All entries need to be written out again exactly, without their pictures.

--

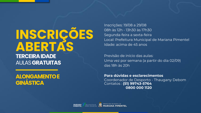 A Prefeitura Municipal de Mariana Pimentel informa que estão abertas as inscrições para as aulas gratuitas de alongamento e ginástica, destinadas à terceira idade. A iniciativa busca promover qualidade de vida, bem-estar e saúde para a nossa comunidade. 📅 Período de inscrições: 19 a 29 de agosto 🕗 Horário: das 8h às 12h e das 13h30 às 17h30 (de segunda a sexta-feira) 📍 Local: Prefeitura Municipal 👥 Público: pessoas acima de 45 anos 📆 Início das aulas: a partir de 02 de setembro 🕕 Frequência: uma vez por semana, das 18h às 20h, no Ginásio Municipal. ℹ️ Para mais informações, entre em contato pelo telefone (51) 99743-5764 ou pelo número 0800 000 1120. ✨ Participe e venha cuidar da sua saúde com a gente!
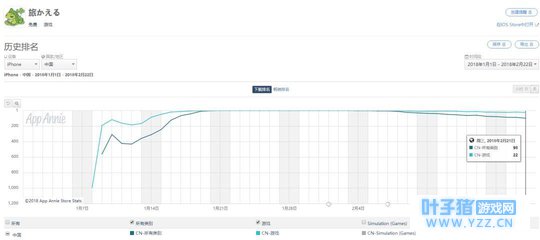 所以这种寻求轻松游戏方式的诉求会始终存在,只是《旅行青蛙》将这个市场痛点集中体现出来而已,也不会存在其他类型的游戏来挤压《旅行青蛙》的生存空间,正是因为类似《王者荣耀》、《绝地求生》这种的游戏在攻城略地才催生出这种意图追求更轻松游戏方式的诉求。 也就是说,如果市场上难以在短期内推出比《旅行青蛙》更加精良的产品,那么就很难说这款游戏就“凉”下去了。 已经处于平稳期的《旅行青蛙》 现在的《旅行青蛙》度过了一个爆发期,进入到一个平稳期。 根据App Annie发布了最新的1月全球手游指数榜单,《旅行青蛙》凭借在中国广受欢迎,强势夺得2018年1月全球iOS下载榜冠军位置,而据一些外媒的报道称,这款游戏的下载量在一个月的时间内已经突破了1000万。
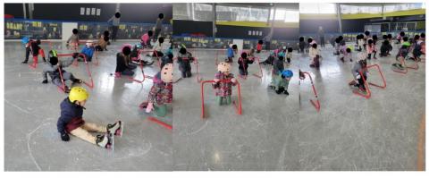 Une fois bien équipés, ils se sont élancés sur la glace de la patinoire.
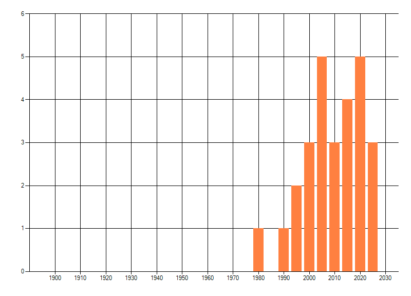 Het aantal atlasblokken (5x5 km) waarin de soort is gemeld binnen een periode van vijf jaar (vanaf 1980) of twintig jaar. Niet gecorrigeerd voor waarnemersinspanning en het aantal doorgegeven waarnemingen kan sterk variëren per periode, dus een trend in verspreiding kan hier niet direct uit worden afgelezen. Het opgegeven jaartal is het eerste jaar van de periode. Bron: gevalideerde waarnemingen uit de NDFF.
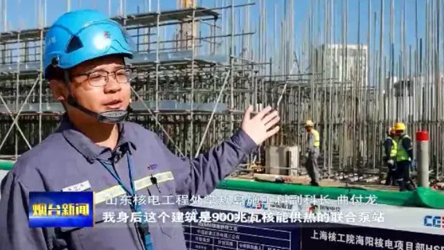 山东核电工程处常规岛施工科副科长曲付龙:我身后这个建筑是900兆瓦核能供热的联合泵站,联合泵站主要的设备就是我们对外供热的一些循环水泵,水处理设备,还有控制系统,都布置在这个厂房内。
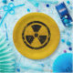 Avertissement de radiation. Symbole radioactif désinfecté sur une surface métallique de faux grunge - corrodé. Vous pouvez déplacer le symbole radioactif à une position que vous souhaitez ou ajouter du texte en cliquant simplement sur le bouton Modifier. Personnalisez-vous ou faites un grand cadeau.
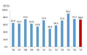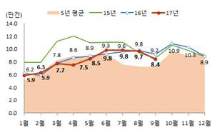 1~9월 누계기준으로는 129만1000건으로 전년동기 대비 4.4% 증가했다.

--

**ANSWER FOR THE TASK:**
 A Prefeitura Municipal de Mariana Pimentel informa que estão abertas as inscrições para as aulas gratuitas de alongamento e ginástica, destinadas à terceira idade. A iniciativa busca promover qualidade de vida, bem-estar e saúde para a nossa comunidade. 📅 Período de inscrições: 19 a 29 de agosto 🕗 Horário: das 8h às 12h e das 13h30 às 17h30 (de segunda a sexta-feira) 📍 Local: Prefeitura Municipal 👥 Público: pessoas acima de 45 anos 📆 Início das aulas: a partir de 02 de setembro 🕕 Frequência: uma vez por semana, das 18h às 20h, no Ginásio Municipal. ℹ️ Para mais informações, entre em contato pelo telefone (51) 99743-5764 ou pelo número 0800 000 1120. ✨ Participe e venha cuidar da sua saúde com a gente!
 所以这种寻求轻松游戏方式的诉求会始终存在,只是《旅行青蛙》将这个市场痛点集中体现出来而已,也不会存在其他类型的游戏来挤压《旅行青蛙》的生存空间,正是因为类似《王者荣耀》、《绝地求生》这种的游戏在攻城略地才催生出这种意图追求更轻松游戏方式的诉求。 也就是说,如果市场上难以在短期内推出比《旅行青蛙》更加精良的产品,那么就很难说这款游戏就“凉”下去了。 已经处于平稳期的《旅行青蛙》 现在的《旅行青蛙》度过了一个爆发期,进入到一个平稳期。 根据App Annie发布了最新的1月全球手游指数榜单,《旅行青蛙》凭借在中国广受欢迎,强势夺得2018年1月全球iOS下载榜冠军位置,而据一些外媒的报道称,这款游戏的下载量在一个月的时间内已经突破了1000万。
 Une fois bien équipés, ils se sont élancés sur la glace de la patinoire.
 Het aantal atlasblokken (5x5 km) waarin de soort is gemeld binnen een periode van vijf jaar (vanaf 1980) of twintig jaar. Niet gecorrigeerd voor waarnemersinspanning en het aantal doorgegeven waarnemingen kan sterk variëren per periode, dus een trend in verspreiding kan hier niet direct uit worden afgelezen. Het opgegeven jaartal is het eerste jaar van de periode. Bron: gevalideerde waarnemingen uit de NDFF.
 山东核电工程处常规岛施工科副科长曲付龙:我身后这个建筑是900兆瓦核能供热的联合泵站,联合泵站主要的设备就是我们对外供热的一些循环水泵,水处理设备,还有控制系统,都布置在这个厂房内。
 Avertissement de radiation. Symbole radioactif désinfecté sur une surface métallique de faux grunge - corrodé. Vous pouvez déplacer le symbole radioactif à une position que vous souhaitez ou ajouter du texte en cliquant simplement sur le bouton Modifier. Personnalisez-vous ou faites un grand cadeau.
 1~9월 누계기준으로는 129만1000건으로 전년동기 대비 4.4% 증가했다.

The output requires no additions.